See: Flawed Device Places F.D.A. Under Scrutiny By BARRY MEIER THE NEW YORK TIMES December 15, 2004, p. A-1
The public is witnessing the unmasking of a fatally flawed system in which high ranking NIH officials have disregarded their (and the agency’s) professional and civic responsibility to the public, to practicing physicians, to the scientific community, and to taxpayers. The circle of trust has been broken – the system needs a complete overhaul. Industry’s influence must be eliminated from the evaluation / oversight process.
In the case of the AIDS Division of NIH, the cover-up of safety issues in the Uganda trial extended to deceiving the White House. Even the President of the US cannot rely on the integrity of scientific information from the nation’s premier medical research institution.
Contact: Vera Hassner Sharav
AIDS Research Chief Rewrote Safety Report
By JOHN SOLOMON
WASHINGTON – The government’s chief AIDS researcher removed some negative safety conclusions from a subordinate’s report on a U.S.-funded drug experiment, then ordered the research to resume over objections from his staff, memos show.
As justification, Dr. Edmund Tramont, chief of the National Institutes of Health’s AIDS Division, cited his four decades of medical experience and argued that Africans with an AIDS crisis deserved some leniency in meeting U.S. safety standards, according to interviews and documents obtained by The Associated Press.
Tramont’s staff, including his top deputy, had urged more scrutiny of the Uganda research site to ensure it overcame record-keeping problems, violations of federal patient safety safeguards and other issues. These problems had forced a 15-month halt to the research into using a single dose of nevirapine to prevent African babies from getting AIDS from their mothers.
AP reported Monday that NIH knew about the problems in early 2002 but did not tell the White House before President Bush launched a plan that summer to spread nevirapine throughout Africa.
Now, officials have new concerns the lone dose of nevirapine may cause long-term resistance to AIDS drugs in the hundreds of thousands of African patients who received it, foreclosing future treatment options.
In July 2003, Dr. Jonathan Fishbein, an expert NIH hired to improve agency research practices wrote Tramont: “I am not convinced that the (Ugandan) site is indeed prepared to become active.”
Fishbein contended he should be given time to review Uganda’s capabilities and safety monitoring before letting the site reopen, or NIH would risk being “toothless” in its new efforts to clean up sloppy research practices. He added that professional safety monitors hired by NIH had reservations about the site.
Tramont dismissed the safety monitors’ concerns, saying he didn’t believe they fully understood AIDS.

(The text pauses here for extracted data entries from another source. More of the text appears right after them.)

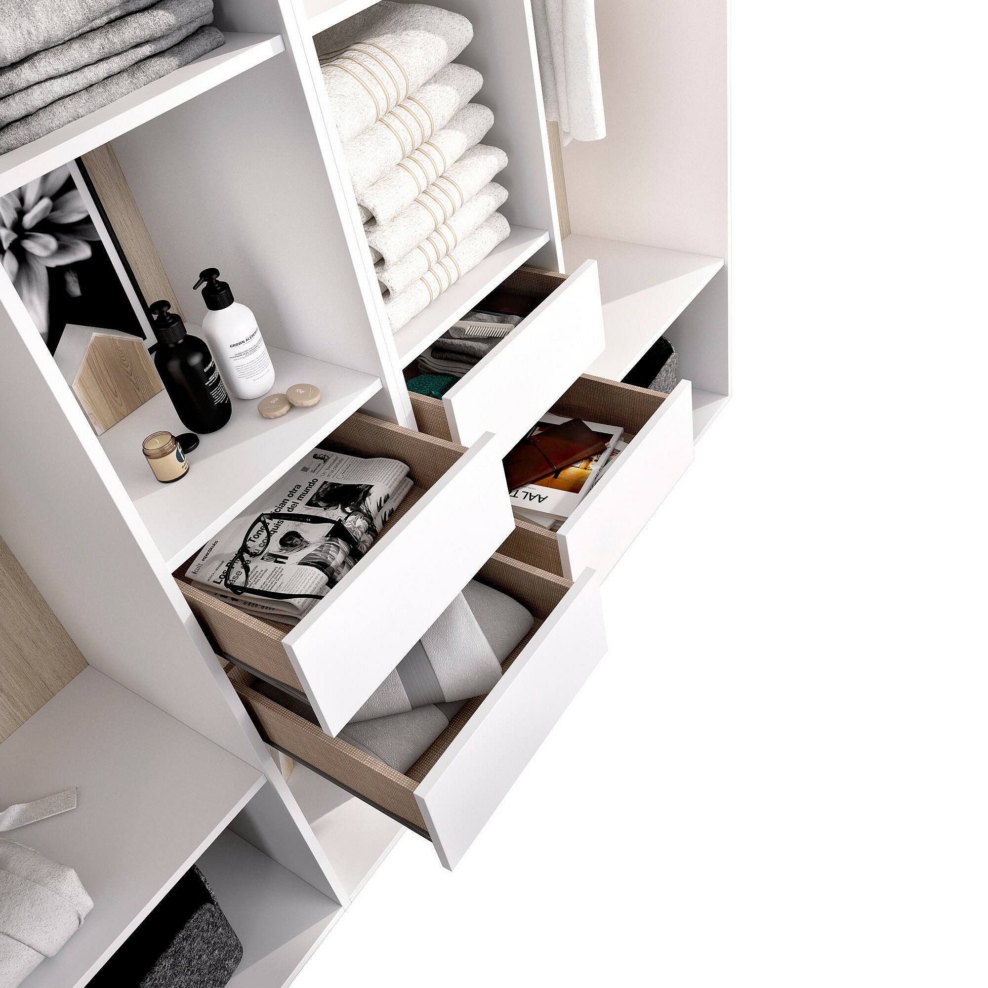 Grande Garde-robe Dscot, Meubles de chambre, Penderie de plain-pied, Placard à vêtements, 98x45 h205 cm, Blanc et Chêne clair
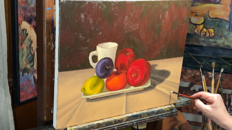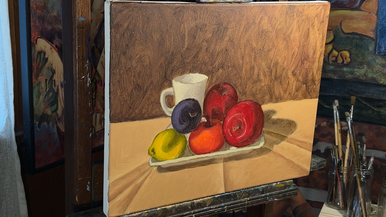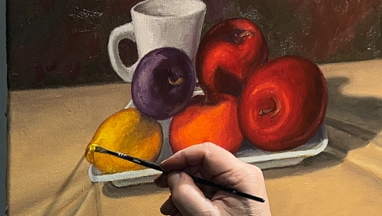Al finalizar, habrás realizado tu primer cuadro al óleo de naturaleza muerta, aplicando las técnicas esenciales para crear obras expresivas y con buen manejo de luz, color y volumen.
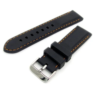 Flexible Black Silicone Watch Strap with Coloured Contrast Stitching 18mm Chrome (Silver Colour) Buckle (Orange Stitching)

“I am convinced that this site is ready to resume given the limitations of doing research in any resource-poor, underdeveloped country,” Tramont wrote July 8, 2003, in response to Fishbein.
“I want this restriction lifted ASAP because this site is now the best in Africa run by black Africans and everyone has worked so hard to get it right as evidenced by the fact that their lab is now certified,” he wrote.
NIH officials acknowledge Tramont rewrote the report and overruled his staff on the reopening, but said he did so because he was more experienced and had an “honest difference of opinion” with his safety experts. They noted Tramont had no financial interest in nevirapine and that the troubled study began well before he joined NIH in 2001.
Those who raised objections “were part of a large team of which Dr. Tramont was the head, and it is important that the people involved in that team should express their opinion and there should be discussion,” said Dr. H. Clifford Lane, the NIH’s No. 2 infectious disease specialist and one of Tramont’s bosses. Lane was designated by NIH to speak to AP on Tramont’s behalf.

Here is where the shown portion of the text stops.